Submitted by kim on Tue, 04/29/2014 - 19:10 in Lessons for Mom

I quit my job of twenty-five years last week.

My husband said it was time. And since the job in question was being his father’s caregiver, I had no choice.

I first realized the job vacancy in the late 1980’s. A couple days after our honeymoon, I sat in my new in-laws' kitchen helping my husband install a Christmas present dishwasher purchased by the siblings. As he finished and put the tools away in the basement, his mom asked me, “Would you like to stay for a bowl of ice cream?” Four hours later, ice cream bowls beside the sink, and Skip-bo cards strewn across the table, we said our goodbyes.

They needed care.

Not a caregiver. They were both very spry still; my father-in-law just recently retired. But a house that once held their robust family life and weekly church activities now hosted only a couple family holidays a year with occasional weekend visits from out of town grandchildren in between. As we were walking out the door, we agreed to share a weekly meal and work on restoring some old wooden furniture together.

I started to care.

Gardens came next. Side by side with my mother-in-law, knees brown, my baby girl watching as we dropped seeds in little holes and talked about how the seed must die and be split in two before it brings life. Then there was a hip replacement surgery. Twelve years of Alzheimer’s disease. Two bouts of cancer. Sitting by a man when he signed his wife into hospice. When I turned down the covers of his bed in my house the night she died, I became a caregiver.
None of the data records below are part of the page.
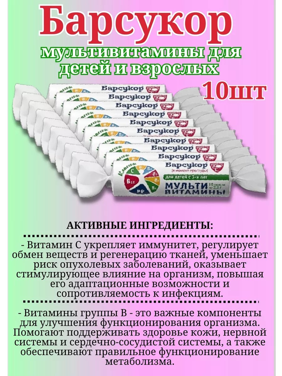 БАРСУКОР Мультивитамины для детей и взрослых 10 шт по 10 табл
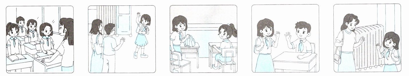 一、清晨,Yanyan 告别了父母去上学。听录音,用数字 1—5 给下列图片排序。
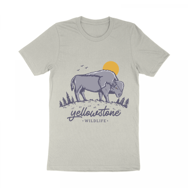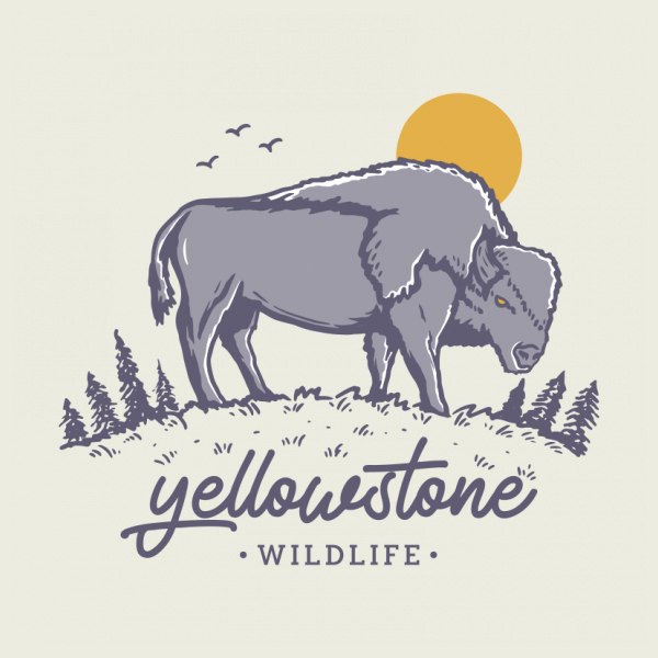 Yellowstone Wildlife is a vintage illustration that is suitable for apparel or merchandise about nature, outdoors, wildlife, animal, buffalo, yellowstone, national park, california, yosemite, wyoming, bison, vacation, travel, holiday.
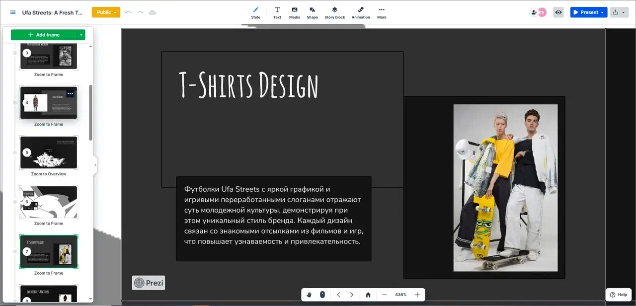 Условно бесплатная платформа для нелинейных презентаций с эффектом зума. Она позволяет свободно перемещаться между элементами, меняя структуру повествования в зависимости от ситуации. Сервис поддерживает добавление текста, изображений, видео, аудио и анимации.
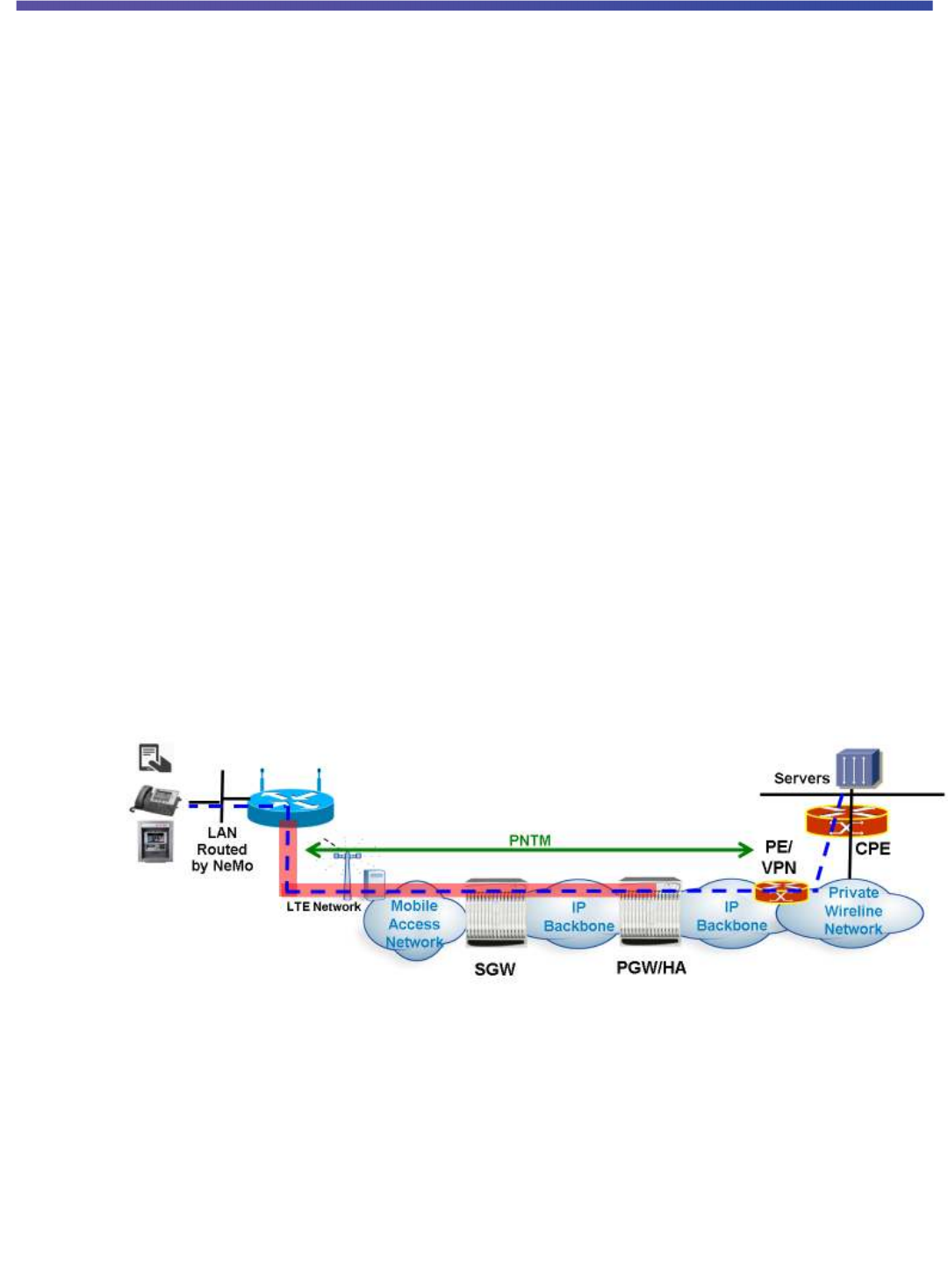 DMNR integrates wireless and wireline networks by leveraging Mobile IP Network Mobility (NeMo)

I have been cracked open and split straight down the center caring for my in-laws.  

Some of those years my in-laws lived two hours away. Some years my father-in-law lived steps from my kitchen.  Distance was not the problem. It was my heart. When angry thoughts brewed in my soul and angry words in my mouth while I made the morning coffee, God kept working on my heart. When the days were long, and I felt sandwiched between the needs of the younger and older, God used the situation to mold me. When I was tired, and lonely, and feeling inadequate for the task, God convicted me to care. Again. More. Still. Caring revealed my selfishness and my priorities daily. To me. To my in-laws. To my children. Perhaps to outsiders who watched. Like the full-ripened tomatoes that came from the planted seeds, the fruit of caring was learning how to love. Imperfectly it always seemed, because I failed over and over again. But through God’s mercy and strength, choosing to love over and over again.

It will be impossible to stop caring.

Being the caregiver? Yes, that has ended. My husband’s family has rallied quickly. My father-in-law will receive care from new helpers fresh for the task. My season is completed. But twenty-five years is a long time. A lifetime actually. Our children have spent their lifetime seeing the needs of their grandparents and knowing their needs weighed as heavily as the needs of any other member of our family. Often heavier than their personal needs. Accept an impromptu lunch invitation from a family after church? No. Grandpa is already back home, and he is counting on sharing his Sunday meal with our family. Caring has become a lifestyle that each of my children packed in their suitcases when they left home. I see it in their adult lives, their relationships, and their jobs. Caring changed all of us and shaped who we have become as individuals and as a family. Caring will continue. Because caring is really never just a job.